Titles describing similar functions are legacy code explorer, Cobol developer, deep code diver, and of course code gerontologist or proctologist.
Wednesday, May 21, 2008
Computational Theologist
I couldn't believe it when I fist saw this title at http://blogs.sun.com/gbracha/resource/JAOO2005.pdf -- what does a computational theologist do? Figure out if god is a computer?
Here is how Gilead, now a computational theologist emeritus, describes it himself:
I have been asked this question so many times, I finally gave up and decided to post an explanation on my web page.
I was forced to invent the term Computational Theologist because I had to come up with a title to put on my business card. The usual titles are unspeakably boring, and non-descriptive as well.
Computational Theology is a term I invented to describe my work on the specifications of the JavaTM programming language and the JavaTM virtual machine. Initially, my work was focused on interpretation of existing specifications. This interpretive work had a legalistic, even talmudic flavor, and these specifications are, so to speak, the "holy books" of the Java platform. Hence the analogy with theology.

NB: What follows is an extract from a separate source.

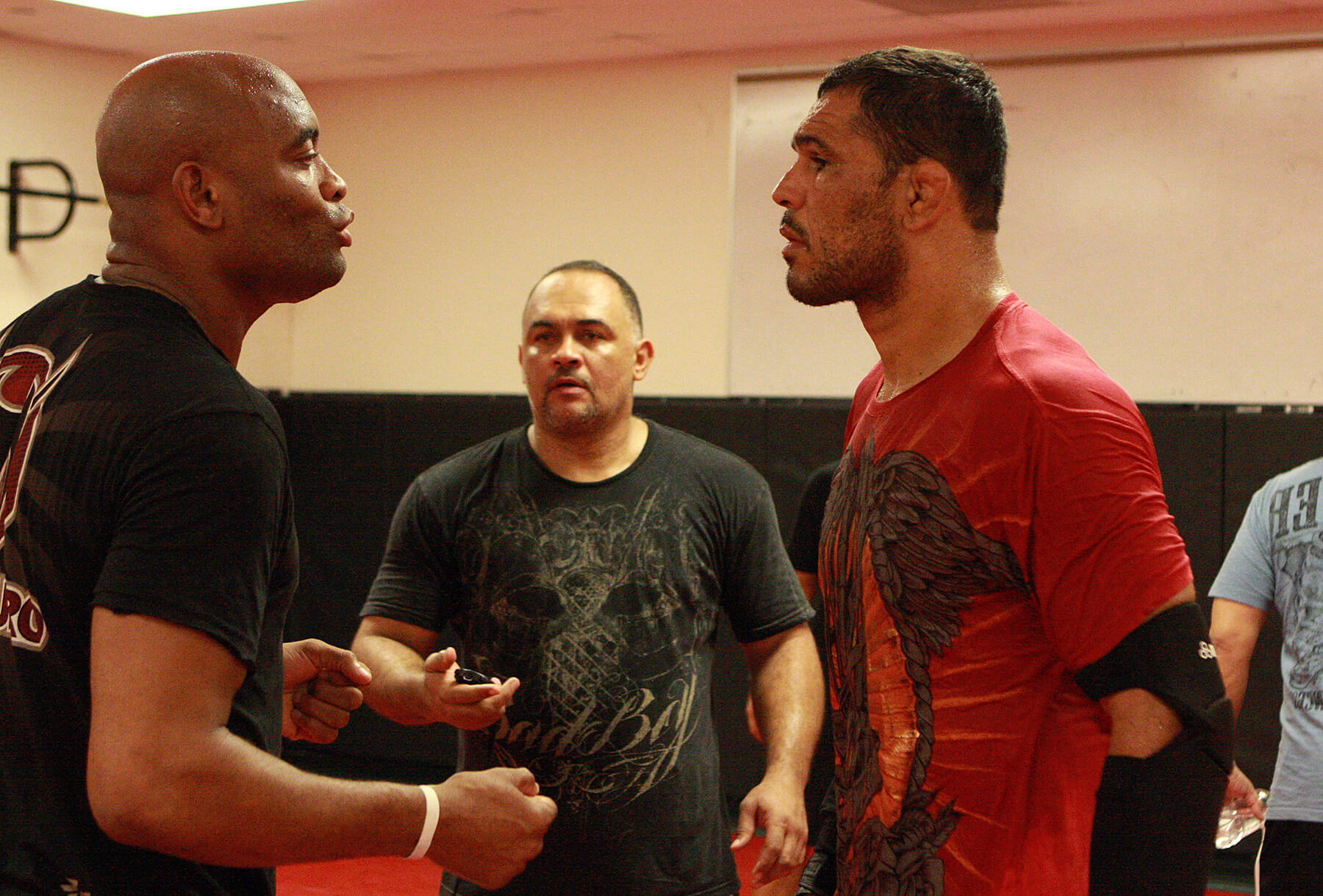 O ANDERSON TE AJUDOU MUITO NOS TREINOS PARA ESSA LUTA. COMO FOI O APOIO DELE NOS TREINOS? Ele é uma peça fundamental. A gente estava treinando em San Diego, na academia do Brandon Vera e numa outra academia, estávamos com um camp bom, aí o Anderson passou lá com cinco carros… Ele, o Feijão, todo mundo. Eles me mandaram colocar tudo no carro e ir para Los Angeles. O último mês foi perfeito, me deram uma estrutura boa de treino. Treinei com ele todo dia e foi excelente.

To be completely accurate, I should have billed myself as a Computational Theologian rather than as a Computational Theologist.
However, I find the word theologian quite irregular. How many biologians, geologians or philologians do you know? Computational theology is very much concerned with preventing this kind of irregularity, which is so characteristic of natural language, from spreading in computing systems, especially programming languages. So I opted for the more regular expression, Computational Theologist.
Recently, I discovered that people are in fact using the term Computational Theology seriously. They mean a theology based on the model of computation. You can find out more using your favorite search engine.